Why tombstones exist:
Cassandra’s append-only SSTable design means data cannot be overwritten in place. Deletions are writes that mark data as dead. The tombstone persists until compaction removes both the tombstone and the dead data it marks.
-- This writes a tombstone, not immediate deletion
DELETE FROM orders.order_items
WHERE order_id = 'order-123';
Tombstone lifecycle:
- Delete request arrives at coordinator
- Coordinator writes tombstone to SSTable with the deletion timestamp
- Tombstone is visible immediately - queries exclude the deleted data
- During compaction, tombstones older than
gc_grace_secondsare removed along with the data they mark - If compaction has not run before
gc_grace_seconds, the tombstone disappears but deleted data can “resurrect”
gc_grace_seconds and resurrection risk:
# Table with gc_grace_seconds = 10 days (default)
# This setting is critical for managing tombstones
CREATE TABLE orders.order_items (
order_id UUID,
item_id UUID,
quantity INT,
PRIMARY KEY (order_id, item_id)
) WITH gc_grace_seconds = 864000; -- 10 days in seconds
The gc_grace_seconds setting controls how long tombstones must survive before compaction can delete them.

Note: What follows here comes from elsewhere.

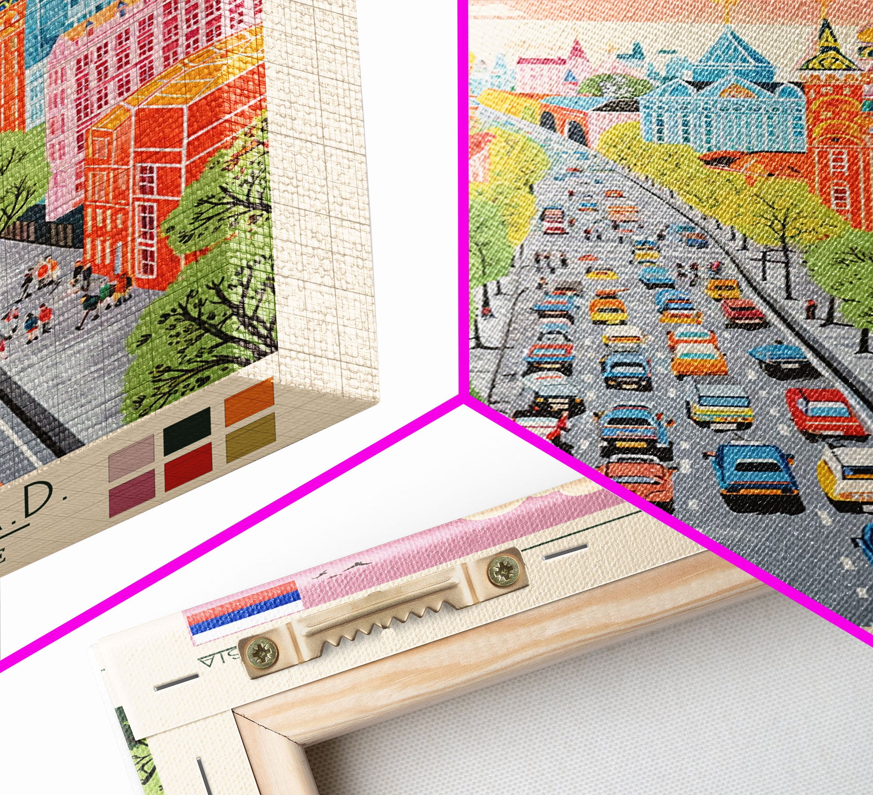 Hello and thank you for taking the time to view our modern high quality giclée artwork! We offer both posters and stretched canvas prints. Our posters are printed on Ultra Matte 60 lb / 230 GSM high quality photo paper, with a thickness of 10 mil. Our canvases are printed on museum grade 350 GSM canvas material with ECO friendly archival grade ink, then hand stretched and stapled over premium, FSC certified and shrink resistant frames. Designed and built to last a lifetime.

This window allows anti-entropy repair to propagate deletions to all replicas. If you run compaction before gc_grace_seconds elapses and a replica missed the original deletion, the deleted data can resurrect on that replica.
| Scenario | gc_grace_seconds | Risk |
|---|---|---|
| Single datacenter, frequent repairs | 86400 (1 day) | Low - repairs catch missed deletions |
| Multi-DC, infrequent repairs | 432000 (5 days) | Medium |
| Very infrequent repairs | 864000 (10 days, default) | Lower - larger repair window |
| No repairs ever | Infinity | Tombstones never safely removed |
Tombstone impact on read performance:
Queries must scan through tombstones to find live data. A partition with many tombstones can cause read timeouts even when the query returns few results.
-- This query scans all tombstones in the partition
-- May timeout on partitions with 100k+ tombstones
SELECT * FROM orders.order_items
WHERE order_id = 'big-order-with-many-items';
Diagnosing tombstone problems:
# Check tombstone count per partition
nodetool tablestats orders.order_items -H
# Look for "Number of tombstones" in output
# Higher numbers indicate potential read pressure
# Enable trace for queries to see tombstone scanning
TRACING ON;
SELECT * FROM orders.order_items WHERE order_id = 'test';
TRACING OFF;
# Check compaction history
nodetool compactionhistory | grep order_items
Mitigation strategies:
- Time-window bucketing: Split time-series into daily or weekly partitions. Old partitions with tombstones are not queried.
CREATE TABLE metrics.sensor_data (
sensor_id UUID,
date TEXT, -- '2024-01-15' bucket
timestamp TIMESTAMP,
value DOUBLE,
PRIMARY KEY ((sensor_id, date), timestamp)
);
-
Prevent wide rows with mixed active/deleted data: Separate active entities from archived ones.
-
Use TTL instead of explicit deletes: TTL tombstones are automatically handled by TWCS.
-
Reduce gc_grace_seconds with frequent repairs: If you run repair daily, you can safely reduce
gc_grace_seconds. -
Monitor partition statistics: Identify partitions with excessive tombstones before they cause outages.
# Python script to check partition tombstone density
from cassandra.cluster import Cluster
cluster = Cluster(['192.168.1.1'])
session = cluster.connect('orders')
# Get partition statistics
rows = session.execute("""
SELECT key, todckeys, tombstones, cells
FROM system.size_estimates
WHERE keyspace_name = 'orders'
AND table_name = 'order_items'
""")
for row in rows:
if row.tombstones > 10000:
print(f"Partition {row.key} has {row.tombstones} tombstones - consider archival")
Anti-Entropy Repair
Cassandra uses anti-entropy repair to synchronize data between replicas and ensure consistency. The nodetool repair command triggers this process, which compares Merkle trees between replicas to find and fix discrepancies.
How Merkle trees work in Cassandra:
- Each replica builds a Merkle tree from its SSTable data
- Trees are hash-based binary trees where leaf nodes contain hash values of data ranges
- Replicas exchange tree roots to detect differences
- When roots differ, nodes traverse to find the exact range that diverged
- Only the differing data ranges are exchanged and repaired
graph TD
A[Replica 1 SSTable] --> B[Merkle Tree Root Hash]
C[Replica 2 SSTable] --> D[Merkle Tree Root Hash]
B --> E{Compare Roots}
D --> E
E -->|Match| F[No repair needed]
E -->|Mismatch| G[Traverse tree to find differing range]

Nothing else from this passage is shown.